Game of Thrones and True Blood may be HBO’s hottest shows this summer, but the network’s making a big investment in a more grounded direction. It has adaptations of Dick Cheney biographyAngler and 2008 election chronicle Game Change in the pipeline, and is gearing up for Veep, a dark comedy series about an overwhelmed female Vice President, which will air next year. In that environment, HBO’s adaptation of Andrew Ross Sorkin’s chronicle of the financial crisis, Too Big To Fail, which premieres on the network at 9 PM tonight, is a test of whether HBO can make excellent movies and shows about the inside business of policy and politics—and whether audiences will tune in to watch them.
If Too Big To Fail is any evidence, they certainly ought to. Most movies about the economic crisis focus on the ordinary Americans who have lost their jobs and homes, whether it’s Drag Me to Hell, about the inadvisability of foreclosing on a powerful gypsy, or The Company Men, a look at masculinity in the wake of corporate downsizing. The main characters in Too Big To Fail are all secure in their fortunes: they might have to downsize to smaller apartments or give up their commutes by helicopter or NetJet, but they’re magnitudes removed from actual desperation. That doesn’t mean that the movie isn’t dramatic—there are a lot of slammed phones, and a scene of Paulson’s staffers listening to him throwing up as yet another deal falls through—but Too Big To Fail can’t rely on the immediate relatable suffering of a family losing its home or parents losing their jobs to engage the audience. It has to stand on the strength of its own writing, simultaneously explaining hugely complex financial and legislative negotiations, while also drawing humor and tension out of them.

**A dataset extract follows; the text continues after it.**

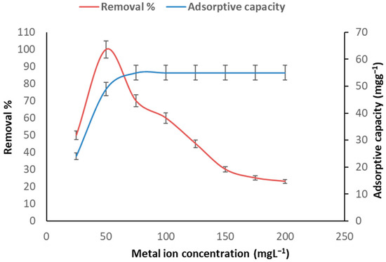 As (III) bio-adsorption percentages at various metal ion concentrations. The biomass dose was 1 gL−1, the pH was 6.0, and the contact period was 76 min.

Most of the time, the movie succeeds. Peter Gould’s slimmed down almost 600 pages of actual text in Andrew Ross Sorkin’s book into 98 minutes, cutting out characters’ biographies, condensing protracted negotiations between Lehman Brothers and potential buyers into single scenes. The movie relies on montages of actual cable reports to provide context, but other than that, and a single scene where Paulson and Jim Wilkinson explain some of the financial instruments involved in the meltdown to Michele Davis to prepare her to brief the press, it mostly trusts the audience to keep up. It’s a risk, but with a small, curated audience like HBO’s, probably a reasonable gamble. The movie doesn’t need to waste time outlining John Thain’s compensation history to make him look avaricious when he complains about possible golden parachute limits during the meetings setting up the Troubled Asset Relief Program.
The movie isn’t afraid to hammer home its politics in moments like that, or in a scene set during Paulson’s trip to China. It begins with a moment of physical comedy when a Chinese official tries to get Paulson to take a miniature Chinese flag. When he won’t accept it, the official hands the flag off to a little girl, who Paulson hustles to get out of the frame. Later, over dinner, another official tells Paulson that the Russians approached the Chinese about dumping their investments in Fannie Mae and Freddie Mac in concert to strike a blow to the American economy. ““The amount of debt your country carries is a terrible vulnerability,” the official demurs, delivering a warning. “We declined, respectfully.”
And the movie is often very funny. Tony Shaloub as John Mack (just one example of the uniformly excellent casting—my favorite may be Dan Hedaya’s brief turn as Barney Frank) grumbles “Here comes goddamn eHarmony,” as Tim Geithner tries to force through mergers. Warren Buffett (Ed Asner) debates with his granddaughters over ice cream at Dairy Queen about whether to take a call from Goldman Sachs CEO Lloyd Blankfein. And Paul Giamatti is marvelously twitchy as Ben Bernanke, needling Treasury Secretary Hank Paulson (William Hurt) so he can’t even get through breakfast.
But ultimately, it’s a tragedy. The movie begins after the government rescue of Bear Stearns, but long after the meltdown had become inevitable. There are no real heroes here: the bankers who assemble to try to save Lehman at the Federal Reserve Bank of New York in a roll call reminiscent of a heist movie are really trying to undo the disaster they are all partially responsible for. And at the end, there’s just Paulson staring out a window, hoping vainly for the best. That optimism is horribly naive, in retrospect. But if all of HBO’s upcoming political projects are this well-designed and -executed, at least we’ll reap some good art from national tragedy, works that sharply articulate the policy and political failures of the last decade.